**WORK INSTRUCTION:**
Beginning with the line that holds "ただいまテラコッタカラードレスを制作中。", output every remaining line of the material below exactly, and include none of the pictures.

**SUPPLIED DATA:**
:::

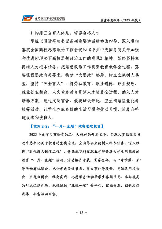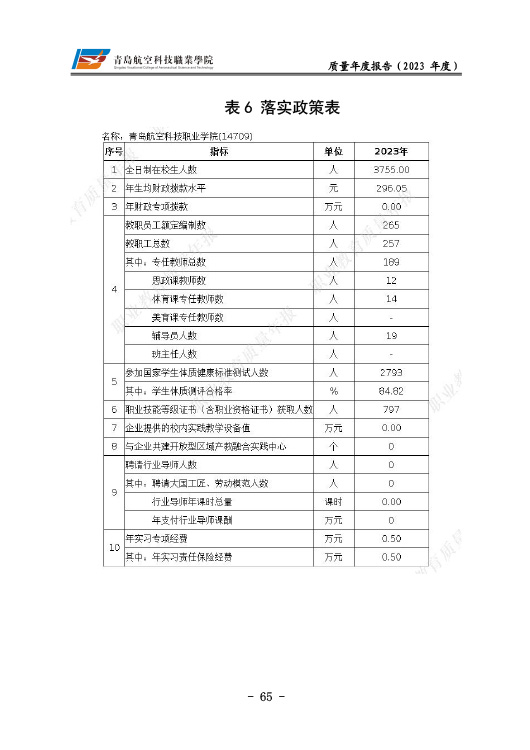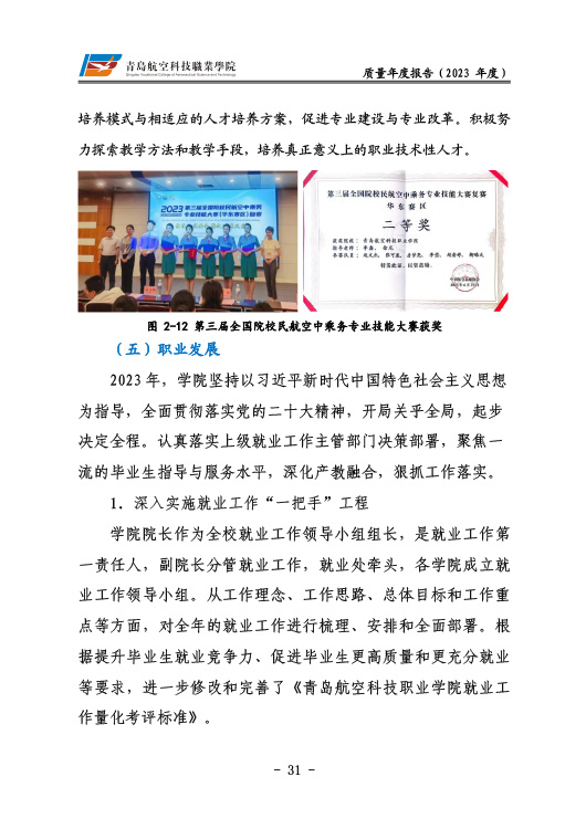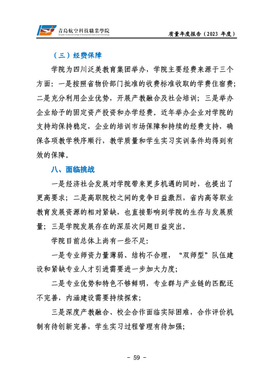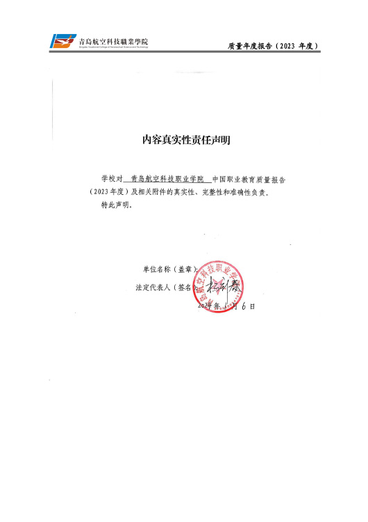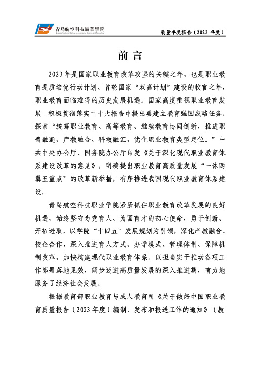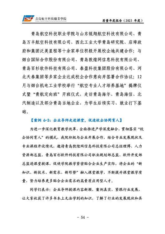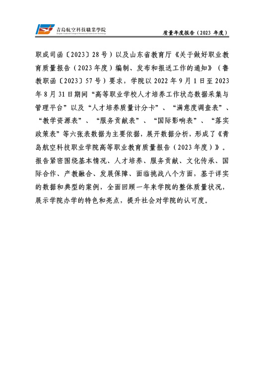 重庆泛美星程航空服务公司参与高等职业教育人才培养工作年度报告(2023年度)
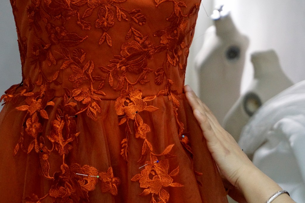 ただいまテラコッタカラードレスを制作中。
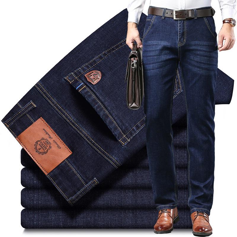 Стрейч Прямые Джинсовые Повседневные Брюки для Мужчин Не Мнущиеся Деловые Брюки для Джентльменов Среднего Возраста
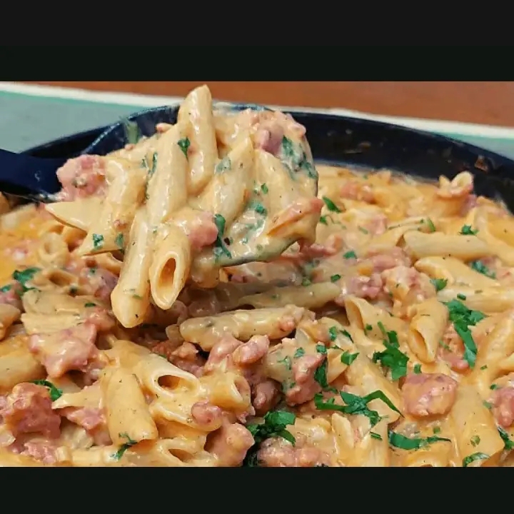 Espaguete Ao Molho Rosé Com Linguiça De Frango

:::

**ANSWER SECTION:**
 ただいまテラコッタカラードレスを制作中。
 Стрейч Прямые Джинсовые Повседневные Брюки для Мужчин Не Мнущиеся Деловые Брюки для Джентльменов Среднего Возраста
 Espaguete Ao Molho Rosé Com Linguiça De Frango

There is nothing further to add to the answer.